Но он напрасно волновался: в небольшом репетиционном зале, куда его привел Великовский, скучал в ожидании всего один человек. Он встал им навстречу, отвел со лба темные, с проседью кудри и сверкнул белозубой улыбкой. Ваня Купченко, тенор, дон Карлос. Саша сразу узнал его. Как не узнать! Кто ж не знает старика Купченко, любимца публики… этот богатый тембр, выразительный профиль и обезоруживающее обаяние. Полина пришла в восторг, когда услышала, что Саше предстоит выступать в одном спектакле с Купченко. «Купченко?.. Ваня?! Ты правда будешь с ним петь? Ох, Саш, возьми у него автограф! И фотографию сделай, ладно? Он очень фотогеничный! Такие кудряшки…» На деле оказалось, что кудряшки уже изрядно поседели и, кажется, слегка поредели, а сам Ваня заметно прибавил в весе. Но улыбался он так же ослепительно и смотрел открыто и весело.
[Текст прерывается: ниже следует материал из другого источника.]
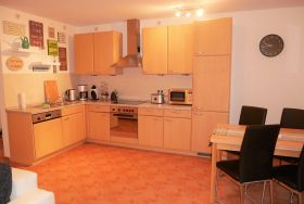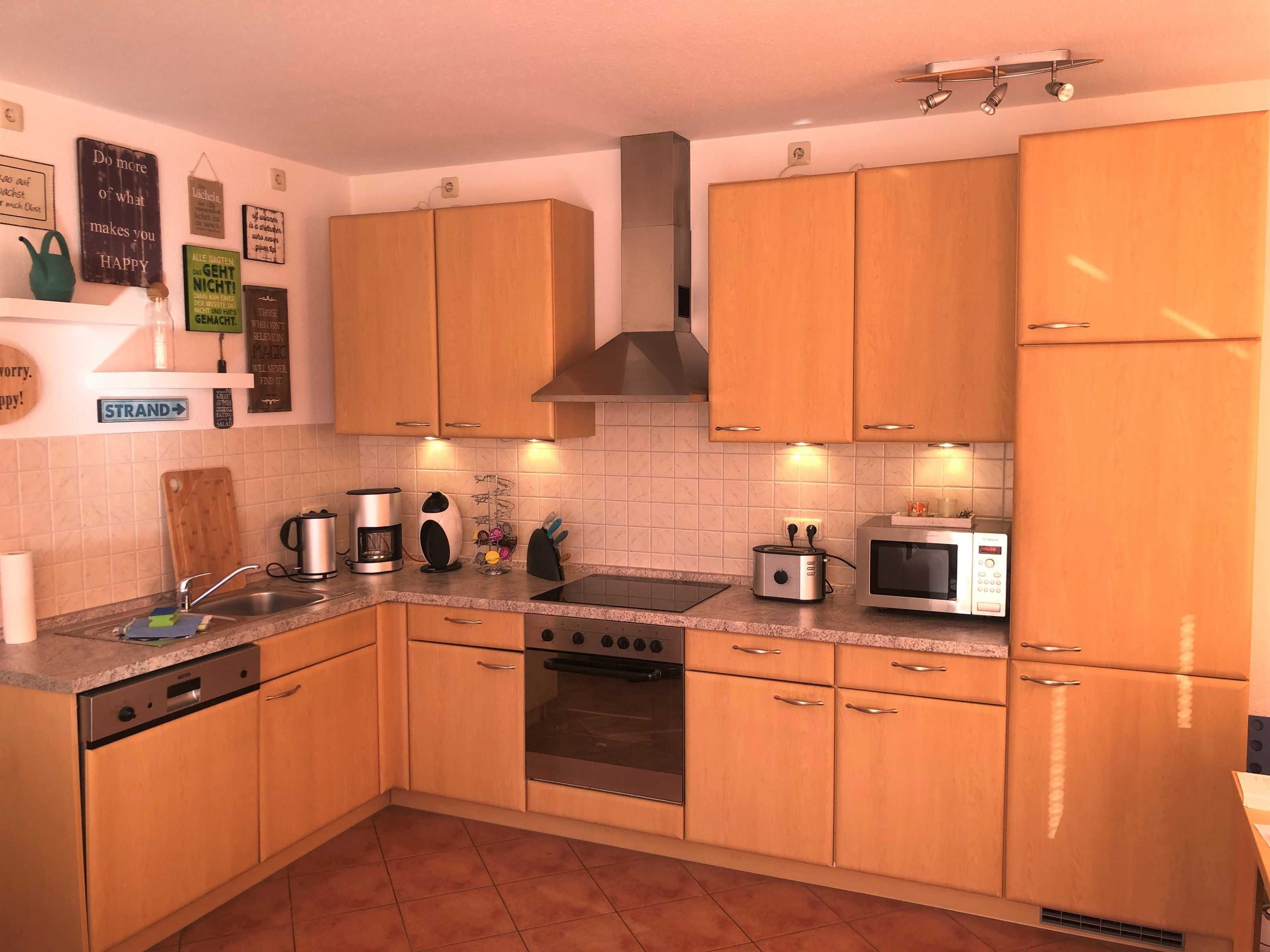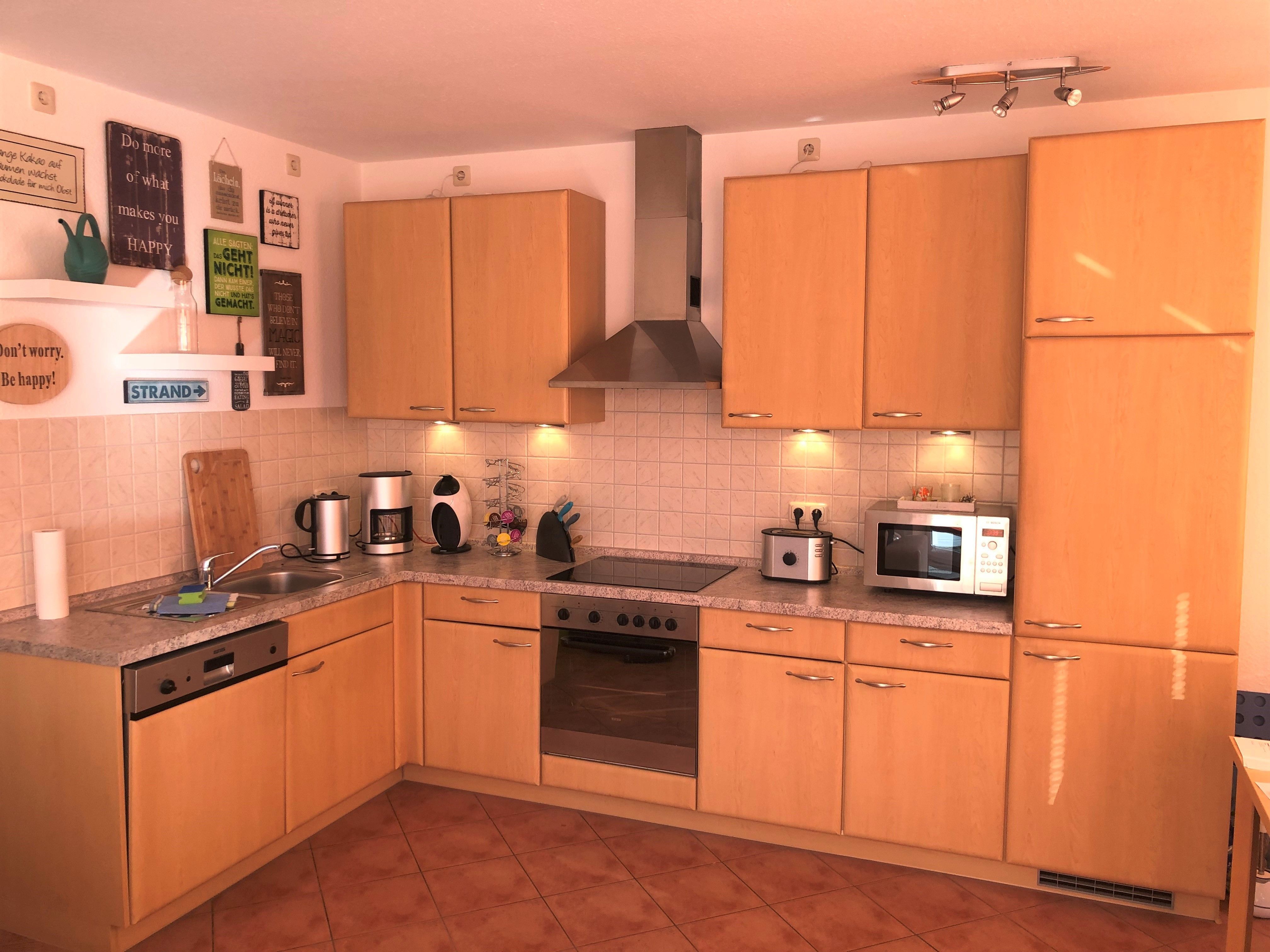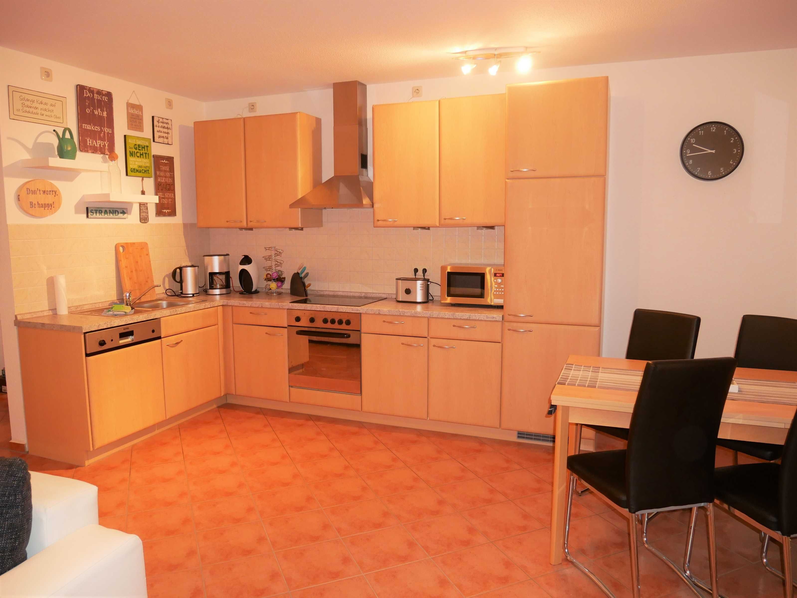 Die moderne und helle 2-Raum-Ferienwohnung verfügt über einen großzügigen Wohn-Essbereich mit gemütlicher Couch und FLAT-TV sowie einem Esstisch. Die offene Küche ist mit einem Cerankochfeld, Backofen, Geschirrspüler, Kühlschrank mit kleinem Gefrierfach, Mikrowelle, Toaster, Wasserkocher, Eierkocher und Filterkaffeemaschine ausgestattet. Das separate Schlafzimmer verfügt über ein Doppelbett, einen zusätzlichen FLAT-TV und einen großen Kleiderschrank für Ihre Urlaubsgarderobe. Ein verdunkelndes Plissee und Insektenschutzgaze sorgen für ungestörten Schlaf. Das moderne Badezimmer erwartet Sie mit einer bodengleichen Walk-In Dusche, Waschtisch, Handtuchheizung, WC und Fön. Vom Wohnbereich gelangen Sie auf die sonnige, möblierte Terrasse. Auf Wunsch spendet eine Markise Schatten. Ein PKW-Stellplatz steht Ihnen in der hauseigenen Tiefgarage zur Verfügung. Die Erstausstattung Bettwäsche & Handtücher ist inklusive.

— А это Саша Яблочкин, — провозгласил Великовский. — Твой, Ваня, сценический отец. То есть не твой, а Карлоса.
— Папаша! — восхитился Ваня и протянул Саше руку.
В руке у него оказался пакетик с мармеладками, но Ваня, обнаружив это, не смутился.
— Возьми конфетку, — предложил он, — а то я все один съем. Приперся раньше всех, сижу вот и ем…
— Как раньше всех? — Великовский словно только сейчас заметил, что кроме них в зале больше никого нет. — А где остальные?
— Лебединская задерживается, у нее интервью. Кривобоков позвонил, у него тоже там… что-то.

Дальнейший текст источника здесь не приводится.